Wünschenswert wäre natürlich, dass sozusagen die «Schule des Lebens» im Elternhaus stattfindet. Doch da dies leider nicht immer und heutzutage immer seltener der Fall zu sein scheint, und weil allfällige Anleitungen durch «Family & Friends» fehlgeleitet sein können, bedarf es verantwortungsvoller Lehrpersonen. Nicht bloss eine eigentliche Wissensvermittlung muss Aufgabe der Schulen sein, sondern nicht zuletzt das Vermitteln von Sozialkompetenzen.

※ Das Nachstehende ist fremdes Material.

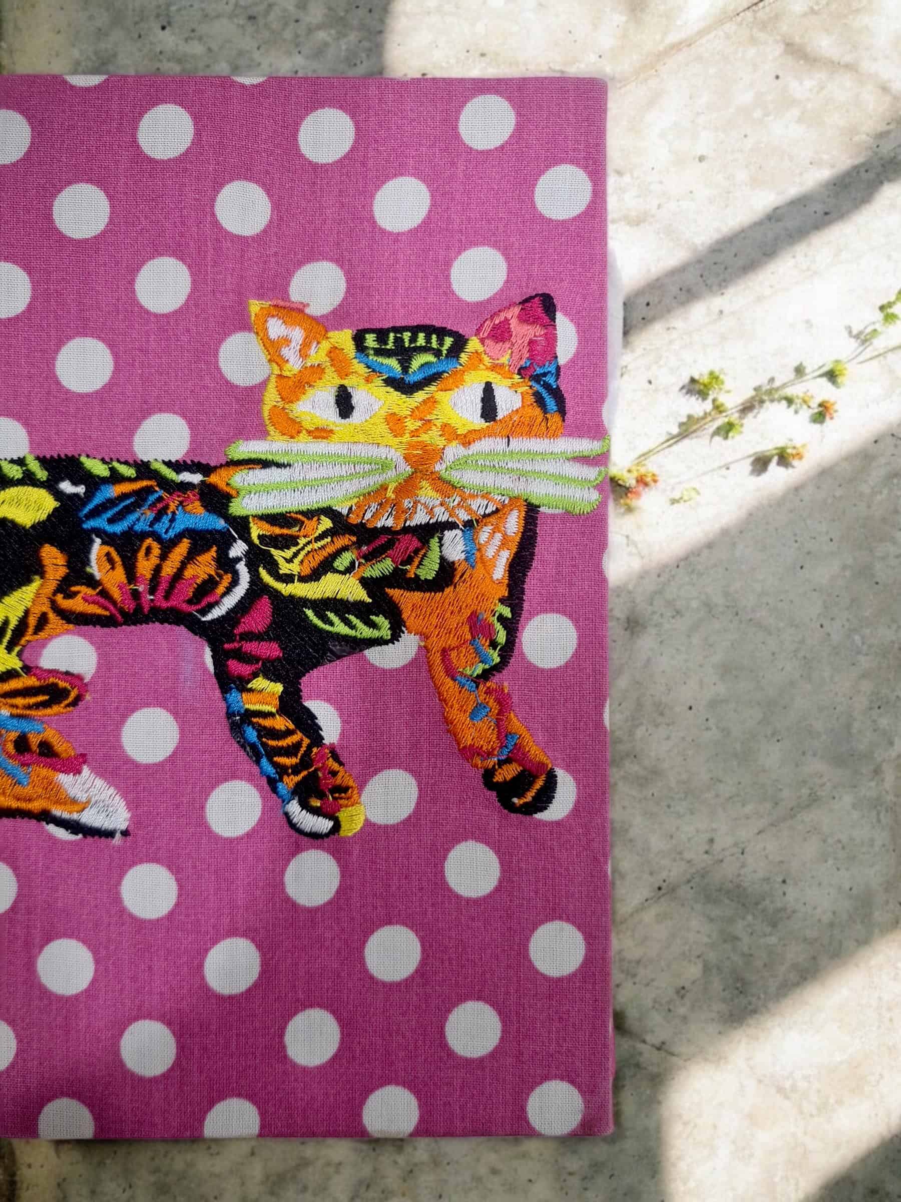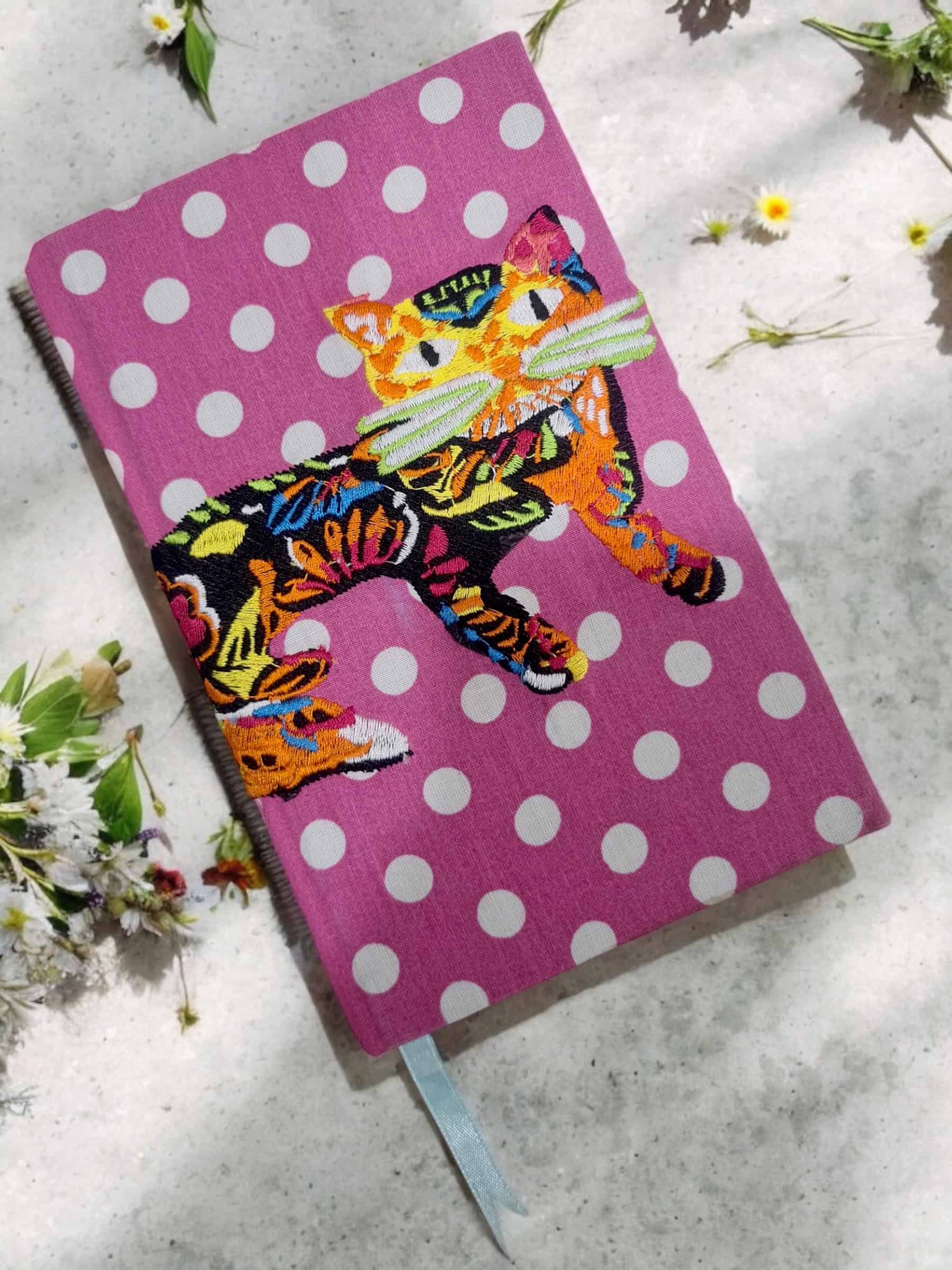 Libreta de autor bordada a partir de una ilustración, collage textil, encuadernación cosida a mano, cubierta dura, hojas de papel marfil de 83g. Pieza única.

Eigentlich sollte es heute längst zum Allgemeinwissen gehören: Tiere sind keine Spielzeuge, die zu Weihnachten oder zum Geburtstag an Kinder verschenkt werden. Trotzdem kommt dies immer wieder vor, etwa durch zwar wohlmeinende, allerdings meist etwas verantwortungslose oder ignorante Eltern, Grosseltern oder Paten von (zu) jungen Kindern. Tiere dürfen niemals als «Trainingscamps» für Kinder zum Einsatz gelangen.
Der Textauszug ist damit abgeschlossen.